---
title: "Tutorial on Data Sanity and Integrity Checks"
author: 
  - Menglu Liang$^1$, Huang Lin$^1$
  - $^1$University of Maryland, College Park, MD 20742 
date: '`r format(Sys.Date(), "%B %d, %Y")`'
output: rmarkdown::html_vignette
bibliography: bibliography.bib
vignette: >
  %\VignetteIndexEntry{Tutorial on Data Sanity and Integrity Checks}
  %\VignetteEngine{knitr::rmarkdown}
  \usepackage[utf8]{inputenc}
---

```{r setup, message = FALSE, warning = FALSE, comment = NA}
knitr::opts_chunk$set(warning = FALSE, comment = NA,
                      fig.width = 6.25, fig.height = 5)
library(ANCOMBC)
library(tidyverse)
```

# 1. Introduction

The `data_sanity_check` function performs essential validations on the input data to ensure its integrity before further processing.
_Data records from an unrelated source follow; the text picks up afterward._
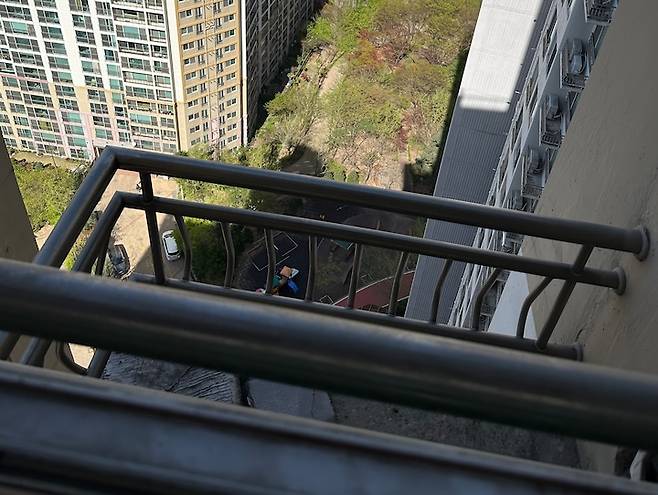 정면에 보이는 창에는 에어컨 실외기를 두고 블라인드로 시야를 차단했어요.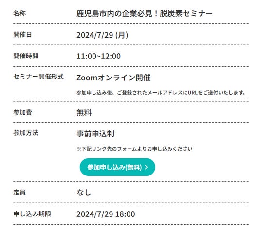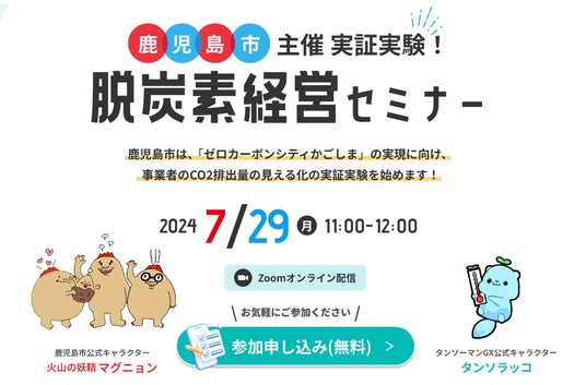 株式会社タンソーマンGXが鹿児島市と連携して「CO2排出量の見える化に関する市内事業者向けの脱炭素経営セミナー」を開催【2024年7月29日(月)11:00~】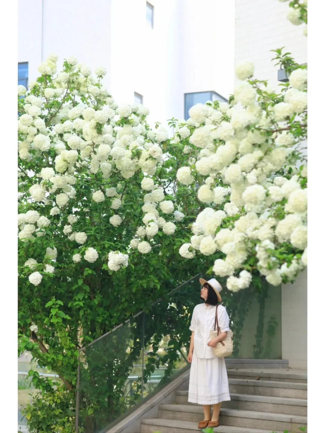 有四五颗开的很好很密集,还有楼梯和白色建筑适合拍人像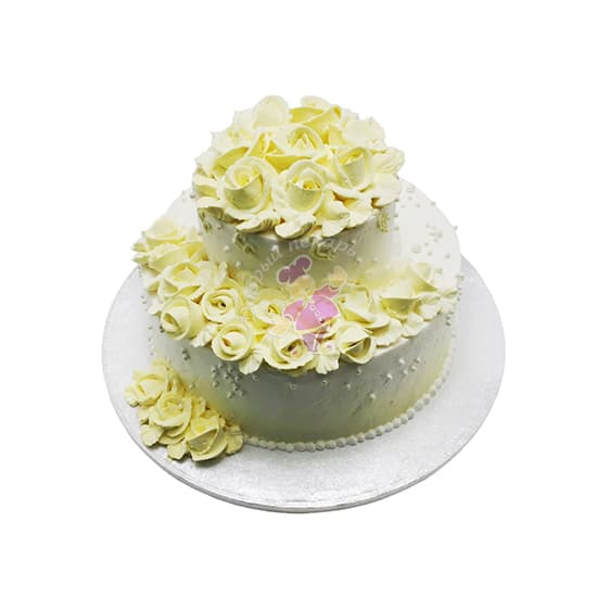 Свадебный торт изготовлен на заказ. Вес такого торта от 3 до 5 кг . Снаружи двухъярусный торт покрыт кремом, без мастики и украшен цветами . Наполнитель может быть с белковым кремом, с кремом на растительных сливках, с масляным кремом, с творожным кремом, с шоколадным кремом, со сливочно-творожным кремом, со сливочным кремом, со сметанным кремом . Желтый торт . Коржи могут быть бисквитные, медовые, песочные, шоколадные. Цена от 160 р. Заказать, купить готовый торт на свадьбу по низкой цене в кондитерской Добрый пекарь ☎ + 375 44 700 40 15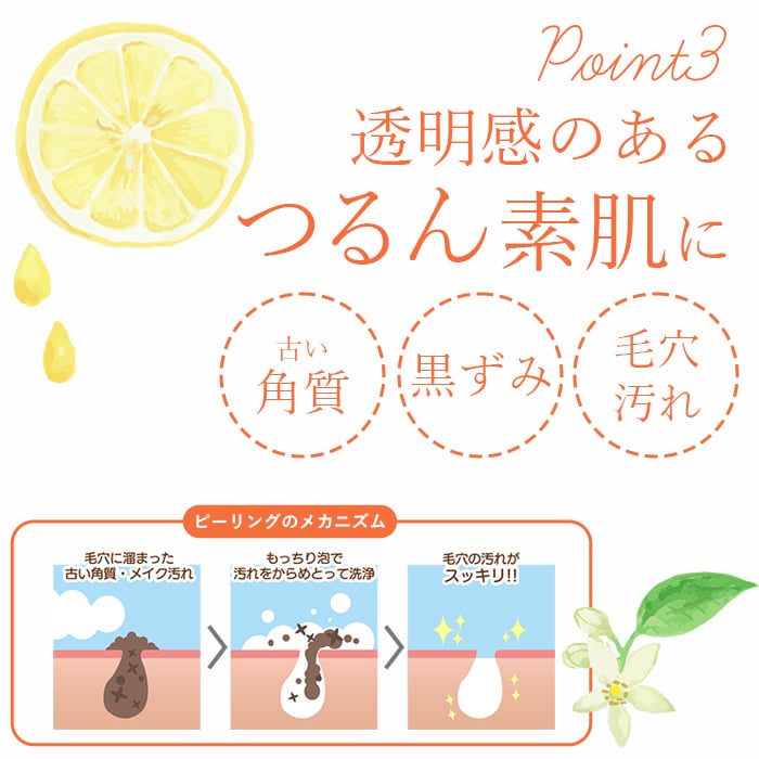 *古い角質・黒ずみ・毛穴汚れをメレンゲのようなもっちり濃密泡でやさしく洗い流します。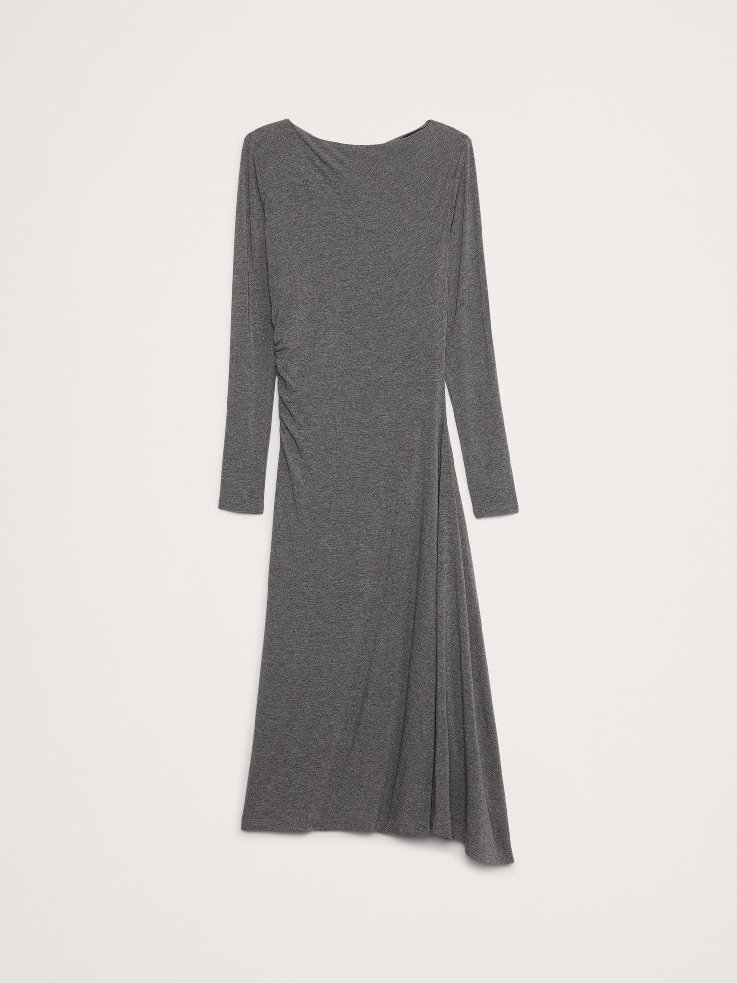 هذا الفستان متوسط الطول غير المتماثل مصنوع من قماش الجيرسي الصوفي المميز لدينا، والذي تم اختياره لخفته ودفئه وملمسه الناعم. هنا، نستخدم طولًا إضافيًا في الأكمام لإضفاء تأثير مجعد وتصميمًا مقسمًا لزيادة انحناء التنورة وتحقيق حاشية على شكل منديل.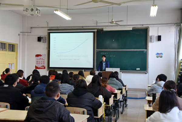 本网讯 3月4日上午,校长冯滨鲁在教务处有关同志的陪同下,到数学与信息科学学院随堂听取了朱志远博士讲授的《宏观经济学》课程。数学与信息科学学院有关负责同志参加了听课活动。

It verifies data types, confirms the structure of the input data, and checks for consistency between sample names in the metadata and the feature table, safeguarding against common data input errors.

# 2. Installation

Download package. 

```{r getPackage, eval=FALSE}
if (!requireNamespace("BiocManager", quietly = TRUE))
    install.packages("BiocManager")
BiocManager::install("ANCOMBC")
```

Load the package. 

```{r load, eval=FALSE}
library(ANCOMBC)
```

# 3. Examples

## 3.1 Import a `phyloseq` object

The HITChip Atlas dataset contains genus-level microbiota profiling with 
HITChip for 1006 western adults with no reported health complications, 
reported in [@lahti2014tipping]. The dataset is available via the 
microbiome R package [@lahti2017tools] in phyloseq [@mcmurdie2013phyloseq] 
format. 

```{r}
data(atlas1006, package = "microbiome")

atlas1006
```

List the taxonomic levels available for data aggregation.

```{r}
phyloseq::rank_names(atlas1006)
```

List the variables available in the sample metadata.

```{r}
colnames(microbiome::meta(atlas1006))
```

Data sanity and integrity check.

```{r}
# With `group` variable
check_results = data_sanity_check(data = atlas1006,
                                  tax_level = "Family",
                                  fix_formula = "age + sex + bmi_group",
                                  group = "bmi_group",
                                  struc_zero = TRUE,
                                  global = TRUE,
                                  verbose = TRUE)
```

```{r}
# Without `group` variable
check_results = data_sanity_check(data = atlas1006,
                                  tax_level = "Family",
                                  fix_formula = "age + sex + bmi_group",
                                  group = NULL,
                                  struc_zero = FALSE,
                                  global = FALSE,
                                  verbose = TRUE)
```

## 3.2 Import a `tse` object

```{r}
tse = mia::makeTreeSummarizedExperimentFromPhyloseq(atlas1006)
```

List the taxonomic levels available for data aggregation.

```{r}
mia::taxonomyRanks(tse)
```

List the variables available in the sample metadata.

```{r}
colnames(SummarizedExperiment::colData(tse))
```

Data sanity and integrity check.

```{r}
check_results = data_sanity_check(data = tse,
                                  assay_name = "counts",
                                  tax_level = "Family",
                                  fix_formula = "age + sex + bmi_group",
                                  group = "bmi_group",
                                  struc_zero = TRUE,
                                  global = TRUE,
                                  verbose = TRUE)
```

## 3.3 Import a `matrix` or `data.frame`

Both abundance data and sample metadata are required for this import method.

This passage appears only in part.